For more information, contact: Steven G. Schulman or Samuel H. Rudman
One Pennsylvania Plaza, 49th fl. New York, NY, 10119-0165 Phone number:
(800) 320-5081 Email: gadzooxcase@milbergNY.com  Website:
http://www.milberg.com


GREAT ATLANTIC: Plaintiffs In Federal Suit Accepts $3M Settlement
-----------------------------------------------------------------
On January 13, 2000, the Attorney General of the State of New York
filed an action in New York Supreme Court, County of New York, alleging
that Great Atlantic & Pacific Tea Company, Inc. and its subsidiary
Shopwell, Inc., together with the Company's outside delivery service
Chelsea Trucking, Inc., violated New York law by failing to pay minimum
and overtime wages to individuals who deliver groceries at a Food
Emporium store in New York City.

The complaint seeks a determination of violation of law, an
unspecified amount of restitution, an injunction and costs.

A purported class action lawsuit was filed on January 13, 2000 in the
federal district court for the Southern District of New York against
the Company, Shopwell, Inc. and others by Faty Ansoumana and others.
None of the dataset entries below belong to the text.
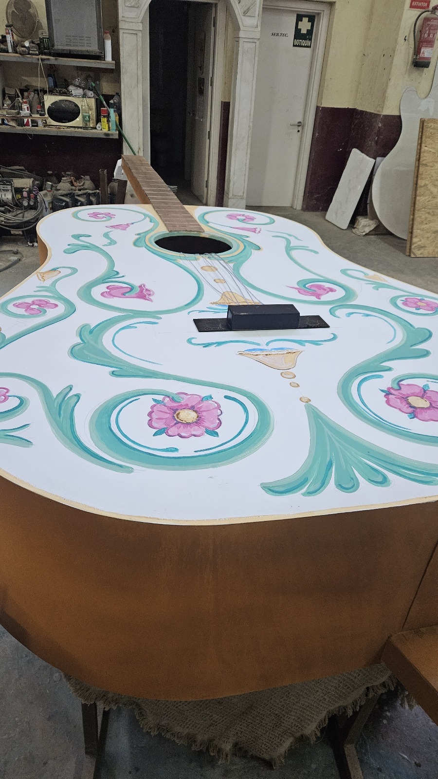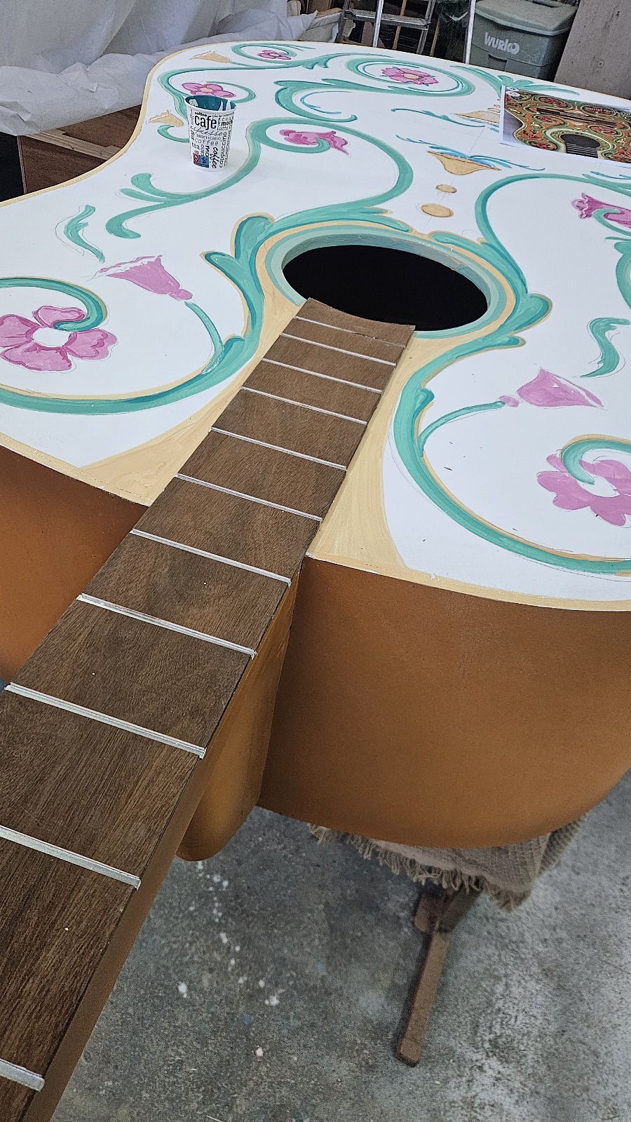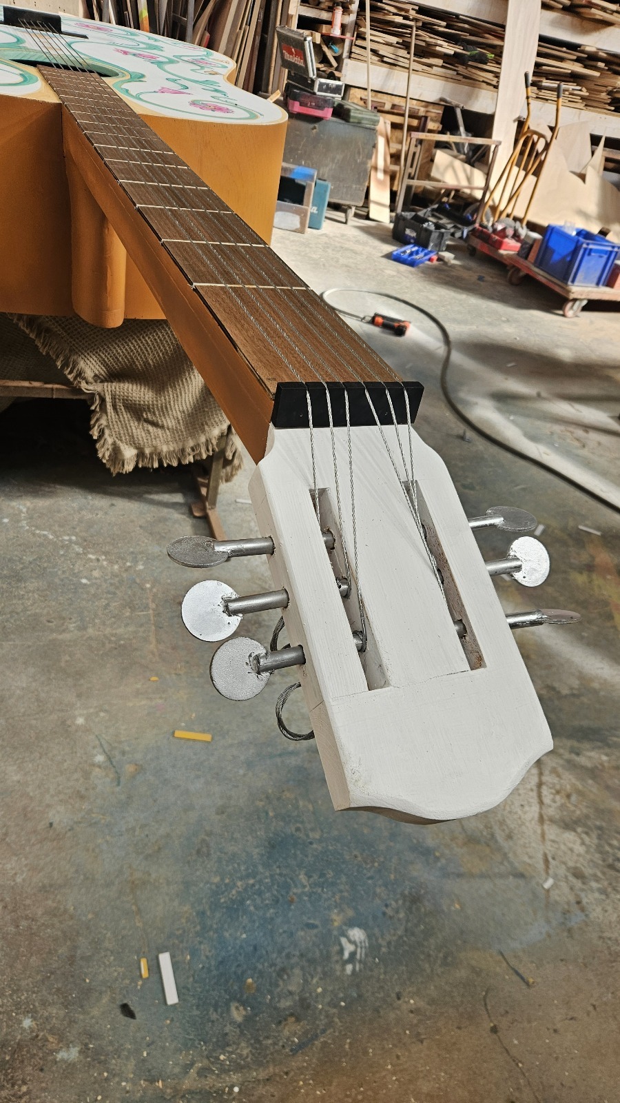 Creación de una carroza flamenca con una gran guitarra de madera y pintada con Esmate al Agua Acritec.
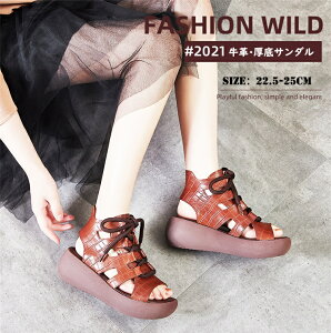 厚底サンダル レディース サマーブーツ 牛革 パンチングレザー カジュアル ショートブーツ レディース アンクルブーツ ミドルブーツ ブーツサンダル 編み上げ 歩きやすい 痛くない 厚底ヒール6cm 本革 夏靴 通勤 通学 サンダル 送料無料
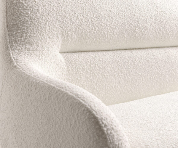 Světle krémově bílá barva a příjemně strukturovaná bouclé tkanina přinášejí do obytného prostoru lehkost a eleganci. Kvalitní zpracování a měkký dotek činí z tohoto materiálu stylovou volbu pro pohodlný každodenní nábytek.
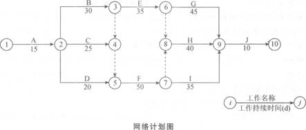1.该工程的总工期=15+30+50+40+10=145(d)。关键路线为A、B、F、H、J。
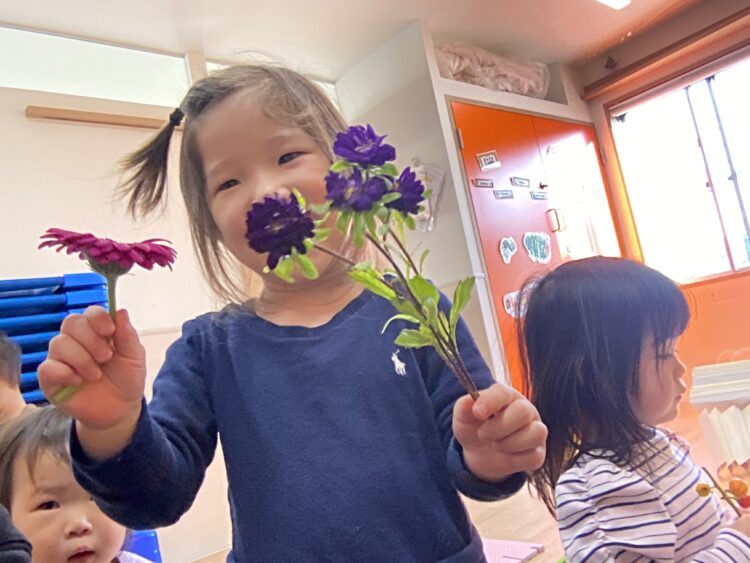 「これがいい」「(茎を)短く切ってー」とおしゃべりを楽しみながらそれぞれ素敵な作品が完成しました♫
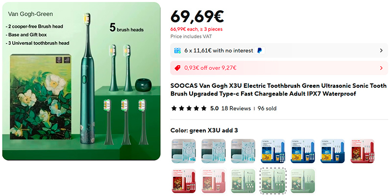 Электрическая щетка Soocas X3 (а также ее модификации) - отличная, я сам именно эти щетки использую уже лет пять. На Aliexpress увидел забавный вариант - этот производитель выпустил специальную серию щеток Soocas X3U в дизайне стиля картин Ван Гога (ссылка для РФ). Разные варианты дизайна, по три вида комплектаций - с запасными насадками. И себя можно порадовать щеткой с красивым оформлением, и в качестве подарка - самое оно. Тем более что щетка - реально классная. Она недешевая, но дешевые варианты - вообще рядом не стояли, я проверял.
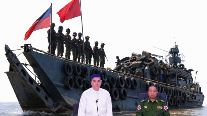 ဓာတ်ပုံ- ရခိုင်ပြည်နယ်ဝန်ကြီးချုပ်ထိန်လင်း၊ အနောက်ပိုင်းတိုင်းစစ်ဌာနချုပ်တိုင်းမှူး ကျော်စွာဦးတို့၏ ဓာတ်ပုံနှင့် AA က စစ်တပ်၏ စစ်သင်္ဘော ၁ စီးကို သိမ်းပိုက်ခဲ့သော ဓာတ်ပုံကို AI ဖြင့် ပြန်လည် ယှဉ်တွဲ ဖော်ပြထားခြင်းဖြစ်ပါသည်။
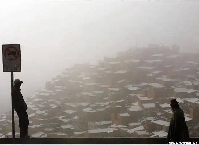 Автобусная остановка в городе Ла Паз, Боливия. Недавно в этих районах температура упала до минусовой и прошли снежные бури
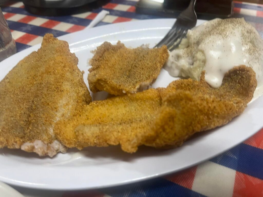 - EAT: Fried Catfish (Or Fried Chicken) at The Old Mill Restaurant with all the fixings.
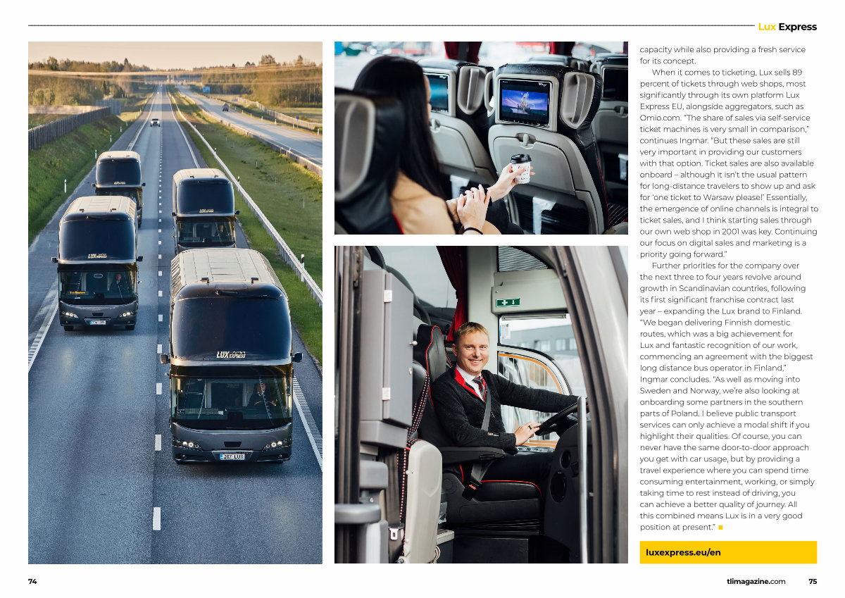 Further priorities for the company over the next three to four years revolve around growth in Scandinavian countries, following its first significant franchise contract last year – expanding the Lux brand to Finland.“ We began delivering Finnish domestic routes, which was a big achievement for Lux and fantastic recognition of our work, commencing an agreement with the biggest long distance bus operator in Finland,” Ingmar concludes.“ As well as moving into Sweden and Norway, we’ re also looking at onboarding some partners in the southern parts of Poland. I believe public transport services can only achieve a modal shift if you highlight their qualities. Of course, you can never have the same door-to-door approach you get with car usage, but by providing a travel experience where you can spend time consuming entertainment, working, or simply taking time to rest instead of driving, you can achieve a better quality of journey. All this combined means Lux is in a very good position at present.” ■

The federal court action makes similar minimum wage and overtime pay
allegations under both federal and state law and extends the
allegations to various stores operated by the Company.

In December 2000, the plaintiffs in the federal court action accepted a
$3 million offer of judgment made by the Company, such offer being
conditional upon the federal court entering an order certifying a class
consisting of the individuals who are the subject of a pending motion
by the plaintiffs for class certification.


IVILLAGE INC.: Lovel and Sirota Law Firms Commence Suit In S.D. NY
------------------------------------------------------------------
The law firms of Lovell & Stewart, LLP and Sirota & Sirota, LLP filed a
class action lawsuit Tuesday on behalf of all persons and entities who
purchased, converted, exchanged or otherwise acquired the common stock
of iVillage Inc. (NasdaqNM:IVIL) between March 18, 1999 and October 28,
1999 inclusive.

The lawsuit asserts claims under Sections 11, 12 and 15 of the
Securities Act of 1933 and Sections 10(b) and 20(a) of the Securities
Exchange Act of 1934 and Rule 10b-5 promulgated by the SEC thereunder
and seeks to recover damages.

The action, Saul Kassin v. iVillage Inc., et al., is pending in the
U.S. District Court for the Southern District of New York (500 Pearl
Street, New York, New York), Docket No. 01-CV-4974 (SWK) and has been
assigned to the Hon. Shirley Wohl Kram, U.S. District Judge.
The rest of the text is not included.